Quotulatiousness

March 6, 2012

This is why I haven’t been covering the robocallpocalypse

Filed under: Cancon, Politics — Tags: , , , , — Nicholas @ 10:23

Margaret Wente in the Globe & Mail brings a sense of proportion to the robo-call “crisis” in Canadian politics:

What’s happened to my country? I went away for a couple of weeks and all hell broke loose. I came back to find that someone named Poutine stole the last election. At first I thought this was a typo, that they meant Putin. But no. It turns out that Russia is a shining beacon of democracy compared to Canada. Apparently, our country has been hijacked by “the most comprehensive electoral fraud in our nation’s history” (Pat Martin, NDP critic). Voter suppression — lying, cheating and general chicanery — has driven us into “uncharted waters” (Bob Rae, Liberal Leader).
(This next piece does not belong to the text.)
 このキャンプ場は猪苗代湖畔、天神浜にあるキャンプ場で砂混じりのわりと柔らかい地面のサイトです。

I certainly don’t wish to make light of voter fraud. But this fraud seems to have been engineered by the Keystone Kops. Not a single voter claims to have been prevented from voting. No ballot boxes appear to have been stuffed. Nobody was fraudulently elected. There weren’t even any hanging chads. Elections Canada says 31,000 Canadians have complained, but the vast majority of these complaints (“somebody called me at 10 p.m.”) seem trivial.

The dirty trickster at the heart of this evil scheme turns out to be someone with the nom de plume of Pierre Poutine (real identity unknown). Mr. Poutine and his henchmen were not personally directed by Stephen Harper but are widely thought to have been channelling him. In Guelph, Ont., they engineered a bunch of robo-calls that directed people to show up at non-existent voting stations. This tactic was evidently intended to discourage people who didn’t support the Conservatives from voting. It was so effective that the Liberal candidate won by a margin of 11 per cent.

1 Comment

  1. Funny how it has taken almost a year for this to make it to the media. And also funny how the numbers keep climbing since the CBC, and other news outlets, have asked “concerned Canadians” to contact them with “their story”. And now Elections Canada is getting in on the story by setting up their own website for more “concerned Canadians” to post their complaints.
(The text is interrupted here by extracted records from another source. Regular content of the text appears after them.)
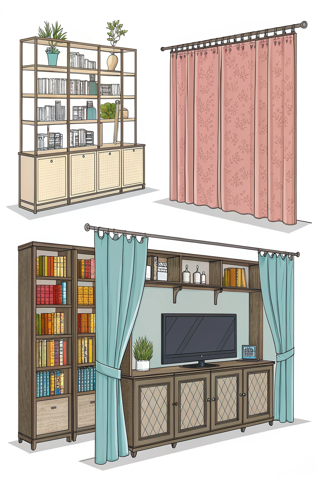 - Curtains: Add softness and divide areas.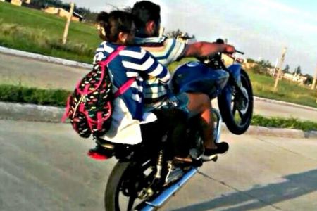 La docente de Nivel Primario de Educación vive en la ciudad de Santa Lucía pero da clases en Lavalle. Este viernes, padres de alumnos preocupados ante el ejemplo que da la misma, le fotografiaron sobre la moto, detrás de su hijo, sin casco y haciendo Wheelie.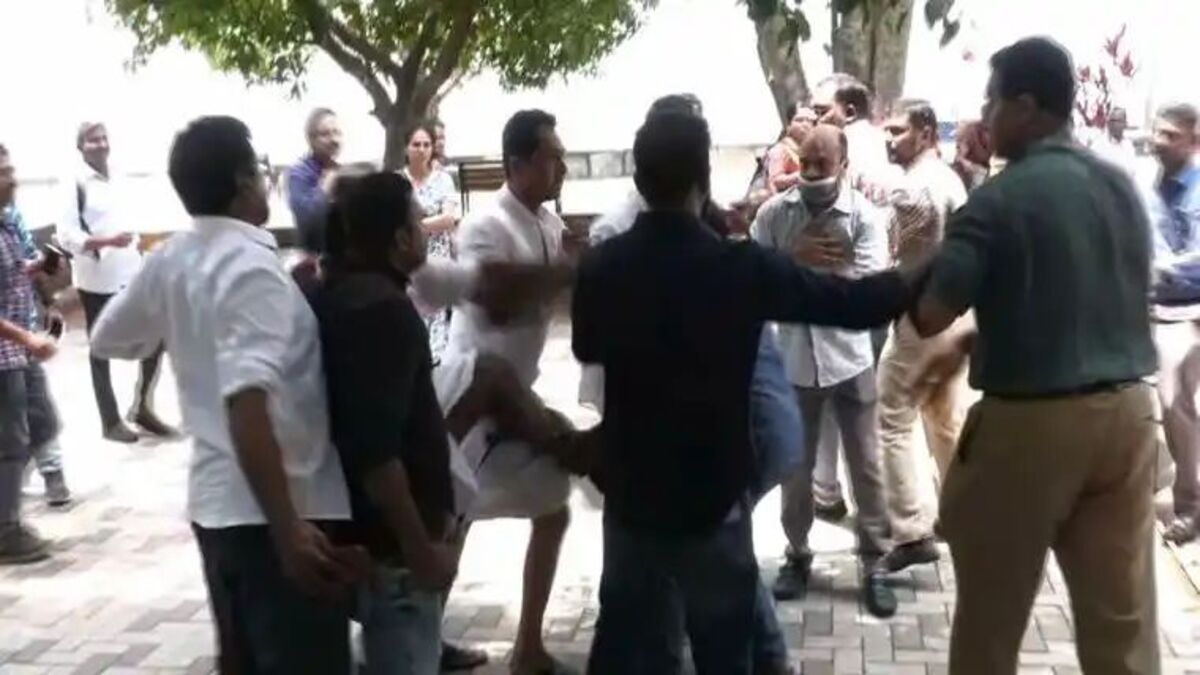 പ്രവര്ത്തകര് തന്റെ നേരെ ഓടിയെത്തുന്നത് കണ്ട ഇയാള് ബസില് കയറി രക്ഷപ്പെടാന് ശ്രമിക്കുകയായിരുന്നു. പ്രതിഷേധക്കാര് ഇയാളെ പിന്നില് നിന്ന് ചവിട്ടി. ഇയാള്ക്ക് നേരെ കുപ്പിയും വലിച്ചെറിഞ്ഞു.

    The problem in all this is that Elections Canada has already said that it moved over 120 polling stations in the days leading up to the election. It passed the info on to ALL political parties and then asked them not to tell the electorate, but refer them to EC’s own website or info number. I can see operators for ALL political parties trying to get the vote out making use of this info, and making mistakes.

    One other thing, the 31,000 number being thrown about, probably a lot of “progressives” whose stories will never be verified. Seems like we should take their word for it because they would never lie about something as sacred as democracy, eh?